Below is how I create those weights, which works:

#Is False when rating is 0 because I want to exclude those
ratings_aux = ratings > 0

co_rated_aux = np.zeros((ratings.shape[0], ratings.shape[0]))
co_rated = co_rated_aux.copy()

for row in xrange(co_rated.shape[0]):
    for clmn in xrange(co_rated.shape[1]):
        #If both are True, sum them
        co_rated_aux[row,clmn] = np.sum((ratings_aux[row,:] == ratings_aux[clmn,:]) & (ratings_aux[row,:] != False) & (ratings_aux[clmn,:] != False))
        if co_rated_aux[row,clmn] <= 3:
            co_rated[row,clmn] = co_rated_aux[row,clmn]/float(3)
        else:
            co_rated[row,clmn] = 1

Here you can see the number of co-rated items: (for example, first and second user have rated three same items)

print co_rated_aux

[[ 4.  3.  2.  4.]
 [ 3.  4.  3.  3.]
 [ 2.  3.  3.  2.]
 [ 4.  3.  2.  4.]]

And the final weights: (if the two users have more than 3 co-rated items, similarity measure will remain unchanged. If less, then the measure will be decreased)

print co_rated

[[ 1.          1.          0.66666667  1.        ]
 [ 1.          1.          1.          1.        ]
 [ 0.66666667  1.          1.          0.66666667]
 [ 1.          1.          0.66666667  1.        ]]

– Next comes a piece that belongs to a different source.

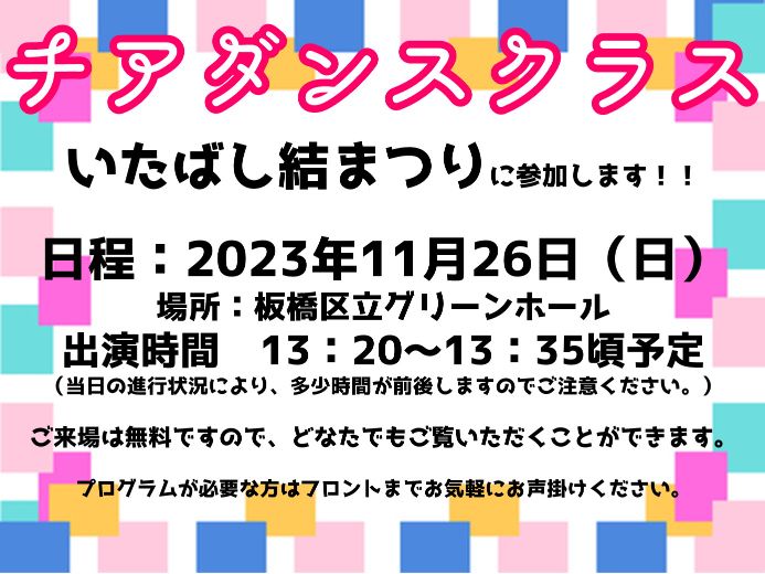 11/26(日)には、『いたばし結まつり』に参加いたします。

However, this calculation is quite ugly and will be very slow with bigger arrays. I was trying to get rid of the for loops using only vector operations, but I really do not know how.

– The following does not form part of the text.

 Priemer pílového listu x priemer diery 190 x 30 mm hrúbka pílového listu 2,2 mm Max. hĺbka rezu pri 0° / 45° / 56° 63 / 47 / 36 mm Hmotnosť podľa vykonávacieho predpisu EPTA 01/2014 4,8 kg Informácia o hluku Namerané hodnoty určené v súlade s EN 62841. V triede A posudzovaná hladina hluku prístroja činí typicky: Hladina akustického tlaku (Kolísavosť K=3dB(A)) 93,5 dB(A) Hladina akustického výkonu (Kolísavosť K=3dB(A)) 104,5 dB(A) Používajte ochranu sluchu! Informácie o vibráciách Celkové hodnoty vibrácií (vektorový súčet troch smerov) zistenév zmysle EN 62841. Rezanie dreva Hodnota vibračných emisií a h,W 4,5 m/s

I will be happy for any suggestions.


Solution

  • One vectorized approach would be with broadcasting (watch out for memory usage though, but being booelan arrays would be comparatively less heavy on RAM) -

    mask = ratings_aux[None,:,:] == ratings_aux[:,None,:]
    mask &= (ratings_aux != False)[None,:,:] & (ratings_aux != False)[:,None,:]
    co_rated_aux_out = mask.sum(2) # or np.count_nonzero(mask,axis=2)
    co_rated_out = np.where(co_rated_aux_out <=3, co_rated_aux_out/3.0,1)
    

    Basically with the first two steps, we are keeping the last axis aligned and "spreading-out" the first axis from the input array against itself for element-wise comparisons. This gives us a 3D array at each of those two steps. This "spreading-out" is in accordance with rules of broadcasting after we have introduced singleton dimensions/axes with np.newaxis/None in each of those two versions of the input array.

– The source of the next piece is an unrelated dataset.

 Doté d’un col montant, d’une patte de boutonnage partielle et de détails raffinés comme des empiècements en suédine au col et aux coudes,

    A closer look reveals that, since we are already checking for equality at the first step, we can skip the second item in the second step, like so -

    mask &= (ratings_aux != False)[None,:,:]
    

    Again, ratings_aux is a boolean array. So, ratings_aux != False would be essentially the true elements, that's the array itself. So, further improvement there -

    mask &= ratings_aux[None,:,:]